Rankin man to get new trial
Court of appeal rules judge erred at Thatcher trial

by Ian Elliot
Northern News Services

NNSL (Nov 26/97) - A former Rankin Inlet man convicted of shooting his business partner in the leg in 1995 is getting a new trial.

Ronald Richard Thatcher had his aggravated assault conviction overturned by an NWT Court Of Appeal decision earlier this month.

Justices Howard Irving, Ted Richard, and Virginia Schuler decided in a 2-1 majority decision Nov. 3 that Territorial court judge Michel Bourassa had erred at the original trial and a new trial should take place.

Thatcher was sentenced to 16 months at his trial in February after being found guilty of shooting his 22-year-old partner in a drywall business, Adrien Vaneindehoven, just below the knee with a shotgun in a drunken brawl at his house.

Evidence at the trial revealed the two men had fought just days before the shooting and both expected another confrontation.

Thatcher pleaded self-defence at the trial, saying that the other man had just thrown a 14-kilogram toolbox at his head.

The Court of Appeal ruled that Bourassa did not give sufficient weight to Thatcher's argument that it was self-defence that caused him to shoot his partner, and that he did not appear to consider the thrown toolbox to be a weapon.

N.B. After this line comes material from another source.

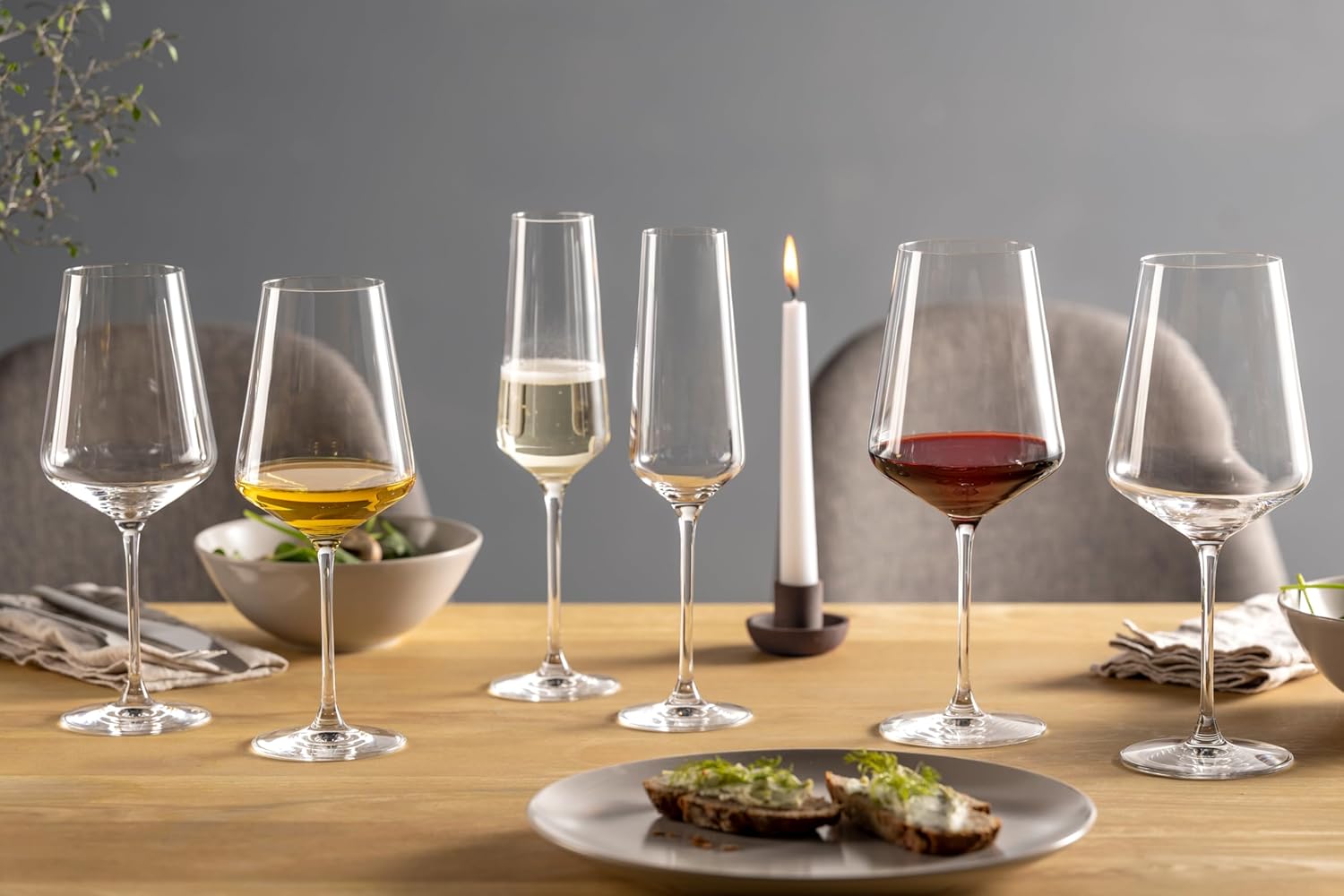Hohe Qualität: Unsere Teqton Produkte überzeugen durch eine größere Oberflächenhärte welches die Wassergläser besonders stabil und kratzfest macht und für eine dauerhafte Brillanz und eine ungetrübte Transparenz ist also gesorgt Spülmaschinenfest: Die Trink-Gläser lassen sich komfortabel in der Spülmaschine reinigen und diese Trink-Becher aus Glas sind mit einem Schutzschild gegen Glaskorrosion ausgestattet, welcher für dauerhaften Glanz sorgt Klangvoll: Die besondere Form und Verarbeitung der hochwertigen Teqton Gläser sorgt für tollen Klang beim Anstoßen, hohe Standfestigkeit und sehr gute Aromaentfaltung - die hohe Wertigkeit der Gläser unterstreicht der gezogene Stiel Design-Allrounder: Das Gläserset hat die moderne Form der Leonardo Serie Puccini, lässt sich also ideal mit weiteren Puccini Produkten kombinieren und sorgt für ein schönes Tischbild Lieferumfang & Maße: 6 x Sekt, 26 x 7,2 cm, Kuppa 14,4 cm, 220 ml Nutzinhalt, 280 ml randvoll - 6 x Rotwein, 25 x 10,5 cm, Kuppa 14,1 cm, 120 ml Nutzinhalt, 750 ml randvoll - 6 x Weisswein, 24 x 9,5 cm, Kuppa 13 cm, 100 ml Nutzinhalt, 560 ml randvoll | قیمت یورویی : 89.99€

Bourassa noted that during the two assaults on Thatcher over the two days, Vaneindehoven had not used a weapon.

The Court of Appeal said the judge was wrong if he didn't consider the toolbox a weapon.

In his dissenting opinion, Justice Ted Richard found that the misapprehended evidence was "founded largely in semantics" and that, "In my view, these misstatements are inconsequential and none of them...amount to an error of law or a miscarriage of justice."